The city said on Monday that reports that the city would implement the "no solicitation" ordinance on Dec. 2 were incorrect. Colorado Springs City Attorney Christopher Melcher said in a statement to KRDO NewsChannel 13 there is a process that must take place before a new ordinance goes into effect and the city it following that process.
The legal director of the ACLU, Mark Silverstein, told KRDO NewsChannel 13 the federal judge in Denver denied the ACLU a temporary restraining order against the ordinance last week after learning the city intended to implement the ordinance Dec. 19.
"Postponing the effective date of the argument gave the court time to schedule an evidentiary hearing and consider arguments and evidence before the ordinance goes into effect," said Silverstein.
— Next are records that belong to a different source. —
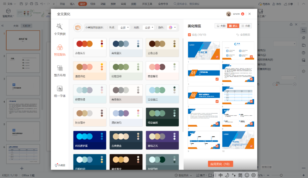 在遇到换肤后模板颜色不够满意的情况下,还可以使用【智能配色】给整份PPT换个颜色,丰富的专业配色方案,让幻灯片更有高级感!
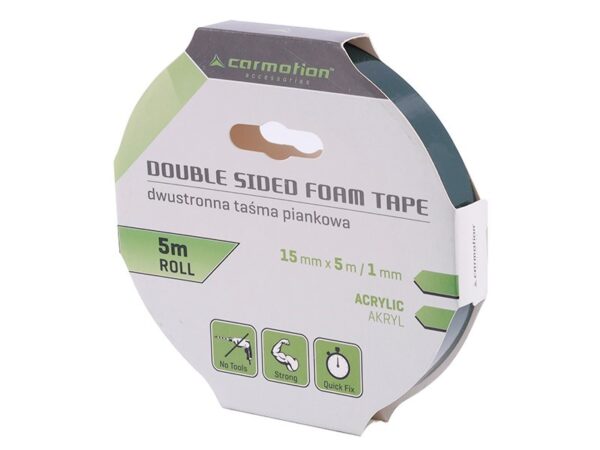 Double sided foam acrylic tape coated with high viscosity adhesive.
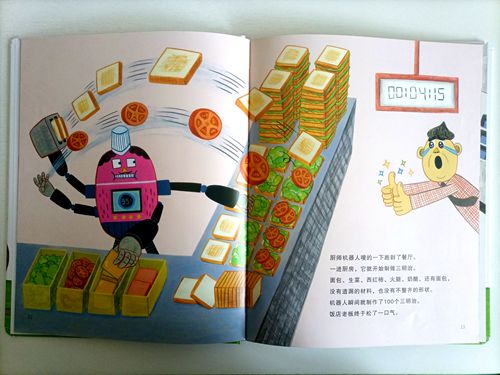 机器人中心的电话响不停 都是需要请求帮助的: 章鱼机器人负责照顾四胞胎宝宝 力量机器人帮助搬家 厨师机器人一下子做了三百个三明治 探测机器人不时发送月球探索进展 消防机器人嗖的飞去灭火 救援机器人冲进火场救人 医疗机器人正在诊断病人 手术机器人可以做更精准细致手术 军事机器人可以穿梭在危险的战场上 海底机器人对海底进行勘测 宇宙机器人探测宇宙,维护卫星 类人机器人更真实的模仿人类 ……
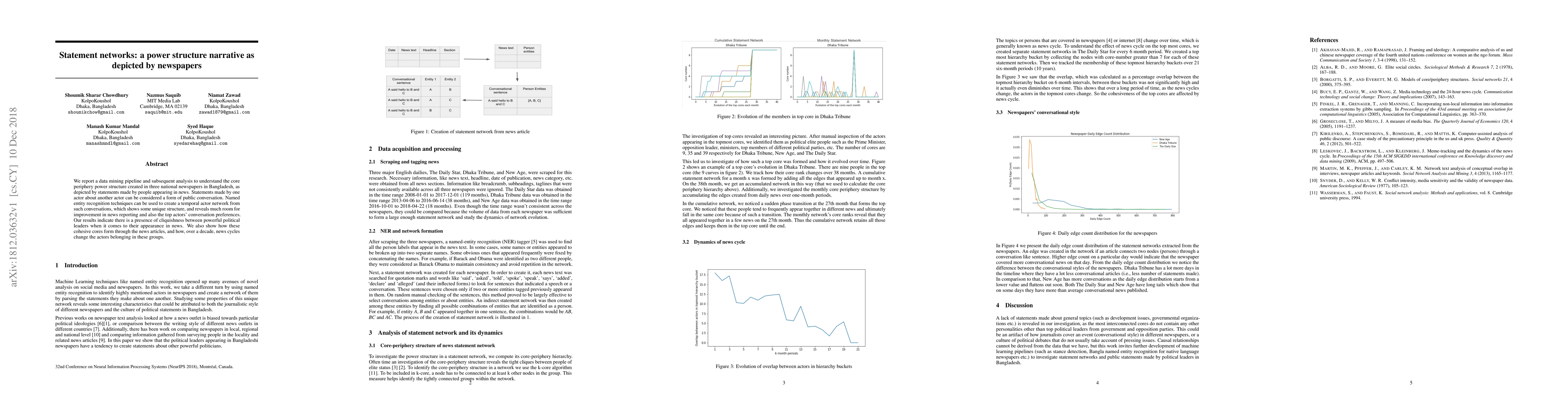 We report a data mining pipeline and subsequent analysis to understand the core periphery power structure created in three national newspapers in Bangladesh, as depicted by statements made by people appearing in news. Statements made by one actor about another actor can be considered a form of public conversation. Named entity recognition techniques can be used to create a temporal actor network from such conversations, which shows some unique structure, and reveals much room for improvement in news reporting and also the top actors' conversation preferences. Our results indicate there is a presence of cliquishness between powerful political leaders when it comes to their appearance in news. We also show how these cohesive cores form through the news articles, and how, over a decade, news cycles change the actors belonging in these groups.
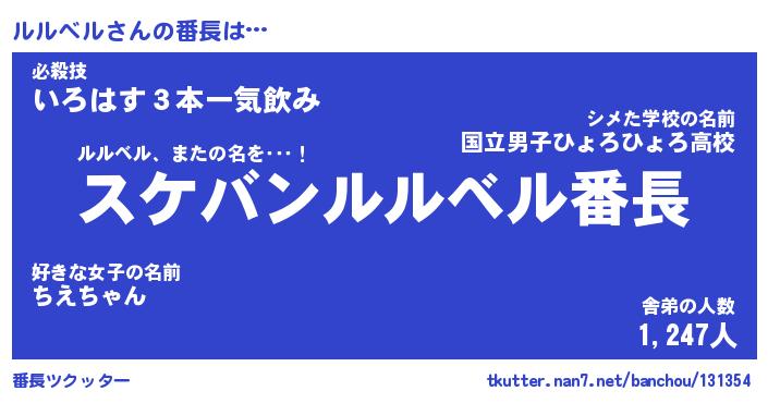 | ヒーロー風カッコイイあだ名 | 『スーパールルベル』『銀牙騎士ルル』 |

Jim plays his flutes at the corner of Pikes Peak Street and Tejon Avenue downtown. Jarred Rego with the city's communications department said Jim would have to relocate outside of the 12-block no-solicitation zone under the new ordinance.
Jim said he knows homeless people this will effect and it won't fix the deeper problem here.
"Poverty is a big part of it, how do we stop? That's the question. You ain't going to stop it by telling them they can't go here or they can't go there," said Jim.
Downtown business owner Laura Williams said this ordinance won't take care of the problem downtown.
"If a guy is allowed to stand on a street corner and yell, 'You're going to hell and you are a sinner,' I think the person sitting silently with a sign that says, 'Help me, I need money,' should be allowed to be there too," said Williams.
The city says it will continue to move forward with a strong police presence downtown to both enforce current ordinances and educate people on the new ordinance.
There is a hearing scheduled on Dec. 13. At this time both the city and the ACLU will present evidence and arguments.